Diabetes is one of the most common chronic health conditions adversely affecting one’s health. India is dubiously also called the diabetes capital of the world as millions of people in the country suffer from this disease. It occurs when the glucose content in your body also known as blood sugar is too high. Blood sugar is our body’s source of energy and mainly comes from the food you eat. The glucose which is taken through food and not immediately used is then converted into a stored form called glycogen and fat by the hormone called insulin secreted by the pancreas.
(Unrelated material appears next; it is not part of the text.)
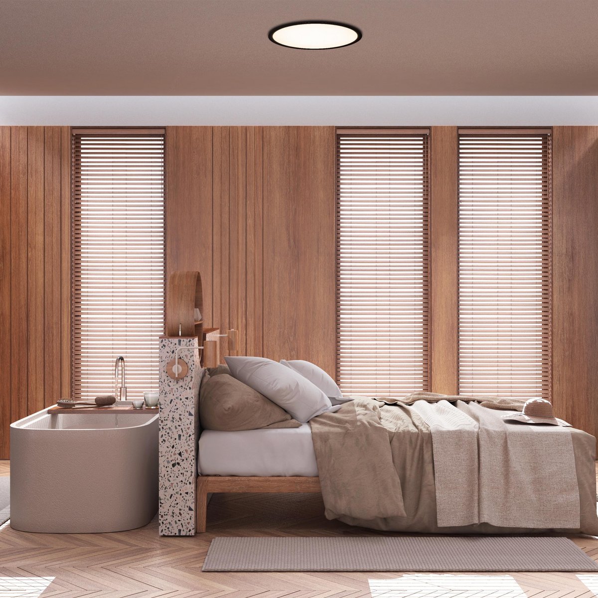 Het LED-plafondlicht "Carlo" met RGB-backlight, Ø van 29,3 cm, klassiekmoderne plafondlicht gemaakt van zwart/wit plastic met veel functies, b.v.

“During states of fasting, such stored glucose is then used to make energy required by our body. The liver is the main organ that helps us in reconverting stored glucose to utilizable glucose. Insulin is required to control this process allowing only the required amount of glucose to be released into the blood. In the absence of insulin – both these processes i.e., digested glucose getting converted to stored forms as well as controlled release of glucose from the liver during fasting becomes impaired thereby leading to excessive sugar in the blood”, Dr Srinivasa P Munigoti, Consultant Diabetologist Endocrinologist Fortis Hospital. Over time, having too much glucose or sugar content in the blood causes diabetes and several other health problems.
Some of the common myths about diabetes
People tend to have a lot of myths and assumptions about diabetes through external sources and frame them as facts. These myths about diabetes can sometimes be harmful and can mislead them towards making the wrong choices.
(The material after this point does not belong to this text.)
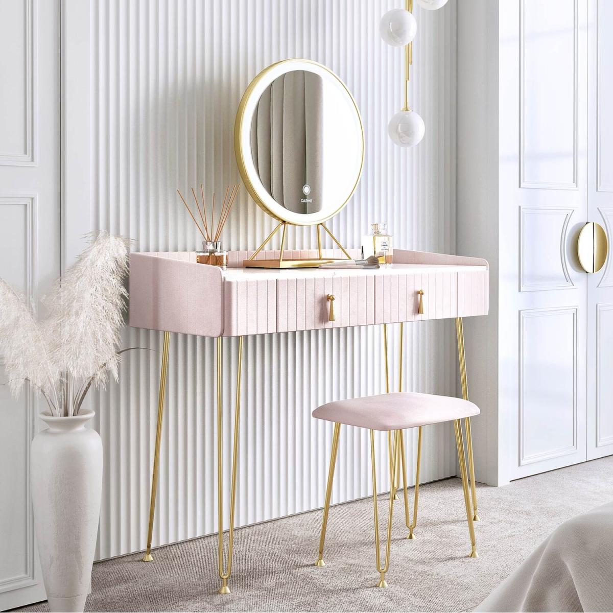 Make a style statement with the Tokyo Glow. From the Velvet Collection this dressing table is the perfect focal point for your dressing room or bedroom. The striped fabric adds a pop of colour and contrasts perfectly against the white marble effect table top. Complete with two storage drawers, decorated with gold handles which complement the sleek gold hair pin legs on the dressing table and matching padded stool. Completing the Tokyo Glow is a table top mirror, crafted in gold with a minimalistic design the round mirror is illuminated with an LED light. Controlled by a touch sensor, effortlessly adjust the brightness and choose from the three colour light settings, cool, warm and daylight to make sure you get the perfect glow. Make a style statement with the Tokyo Glow. From the Velvet Collection this dressing table is the perfect focal point for your dressing room or bedroom. The ballerina pink quilted patterned fabric adds a pop of colour and contrasts perfectly against the white marble effect tabletop. Complete with two storage drawers, decorated with gold handles which complement the sleek gold hair pin legs on the dressing table and matching padded stool. Completing the Tokyo Glow is a tabletop mirror, crafted in gold with a minimalistic design the round mirror is illuminated with an LED light. Controlled by a touch sensor, effortlessly adjust the brightness, and choose from the three colour light settings, cool, warm and daylight to make sure you get the perfect glow. The removable mirror is available to buy separately.

Myth 1: People with diabetes should avoid eating rice (carbohydrate)
This is one of the most common myths about diabetes, that people with this condition should follow the only rice-free diet. But what actually needs to be done is, people should have a balanced diet that includes rice as a source of carbohydrate in moderate amounts. Although alternate sources of carbohydrates like brown rice, wheat and millets tend to have a better glycaemic index (ease of breakdown and digestion of glucose content), they should not be treated as ‘holy foods’ and rice as an ‘unholy’ one. Instead, all forms of carbohydrate food should be eaten in moderation along with a healthy proportion of protein, fat and vegetables. They should also consume fruits in small portions as these contain a lot of essential minerals and vitamins.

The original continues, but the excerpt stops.